The Shorashim Torah Study and Overview Guide
Moshe tells the people that when you enter the land and begin to settle and cultivate it you must bring the first ripened fruits (bikkurim) of your orchard to the Holy Temple, and and make a “declaration of Thanks called a vidui.
“And it will be ( VEHAYA) , when you come into the land which the Lord, your God, gives you for an inheritance, and you possess it and settle in it, 2. that you shall take of the first of all the fruit of the ground, which you will bring from your land, which the Lord, your God, is giving you. And you shall put [them] into a basket and go to the place which the Lord, your God, will choose to have His Name dwell there” (Deuteronomy 26: 1-2).
As we have learnt in previous classes, the word “And it will be (VEHAYA)” which begins the verse is a code word for anticipated joy.
What Joy is anticipated considering the major part of the portion includes the Tochehcha or the great rebuke?
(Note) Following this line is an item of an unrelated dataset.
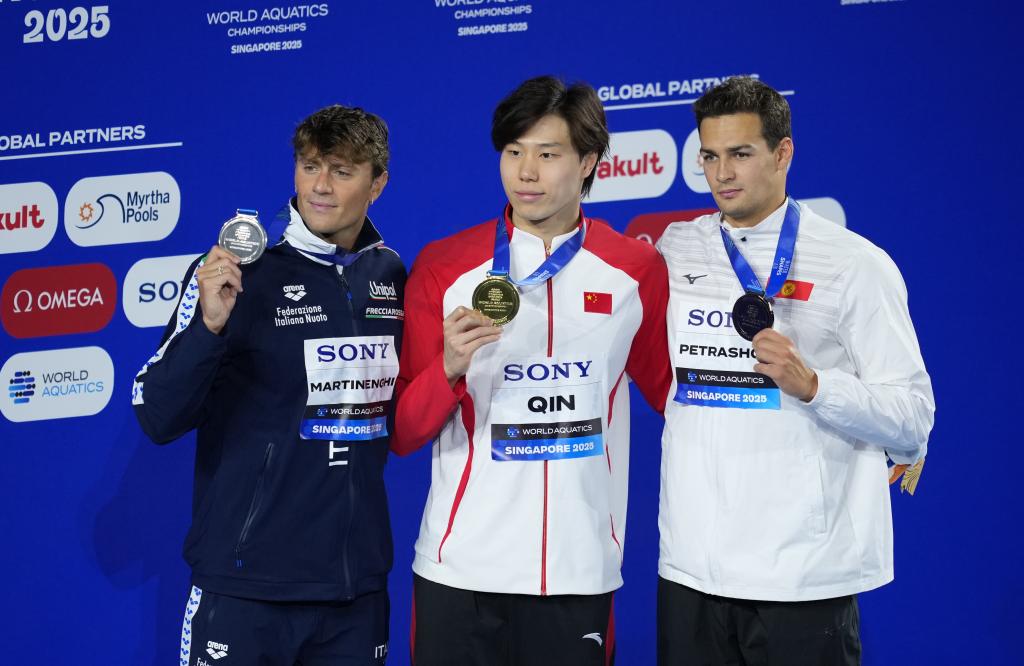 新华社新加坡7月28日电(记者 夏亮、周欣)58秒23!金牌!获胜后的覃海洋手持五星红旗,不断向现场观众致意。

Why are the Bikkurim so important that we use it in our rendition of the Pasover seder rather than the verses that actually deal with the exodus from Egypt?
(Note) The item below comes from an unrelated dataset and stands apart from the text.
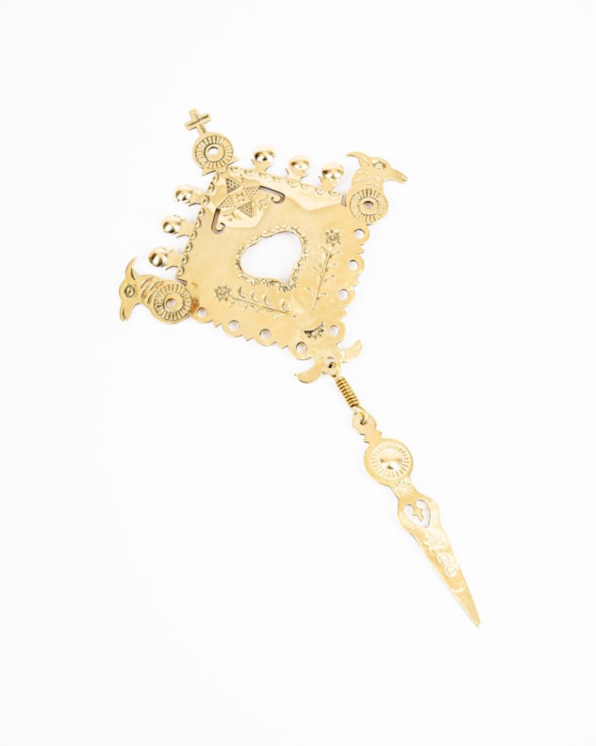 Blanciar vyrezávaný z mosadzného plechu. Základným materiálom je mosadzný plech. Vyzdobený je hlbokým gravírovaním a razením.

The text also describes more detail regarding the tithes given to the Levites and more detailed instructions on how to proclaim the blessings and the curses on Mount Gerizim and Mount Eva. Moshe then makes two very dramatic statements regarding the status of his people. The first:.
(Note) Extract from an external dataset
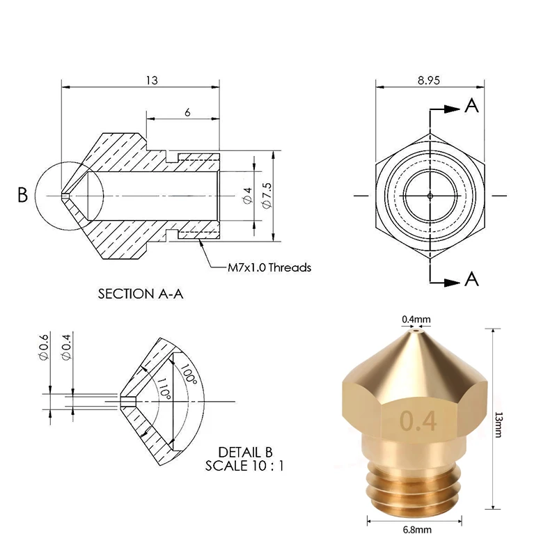 Сопло MK10 для 3D-принтера, 10 шт., MK10 M7, сопло экструдера, 0,4 ...

“Look down from Your holy dwelling, from the heavens, and bless Your people Israel, and the ground which You have given to us, as You swore to our forefathers a land flowing with milk and honey.( ibid 26:15)
And then:
You have selected HaShem this day, to be your G-d, and to walk in His ways, and to observe His statutes, His commandments and His ordinances, and to obey Him. And HaShem has selected you this day to be His treasured people, as He spoke to you, and so that you shall observe all His commandments,( ibid 26:17-18)
What is the deep import of the statement “Look down from Your holy dwelling, from the heavens?
What is the deep theological import of this mutual choosing
What is taught in the repeated phrase “this day”?
Then Moshe describes the list of 98 curses or admonishments that will befall the people should they stray from the path G-d has destined for them. illness, famine, poverty and exile. At the end Moshe says “because you did not serve HaShem, your G-d, with happiness and with gladness of heart, when [you had an] most of everything. (Devorim 28:47)
What is the difference between “happiness and gladness of heart”?
What does Joy have to do with it?
How is joy the center of all things?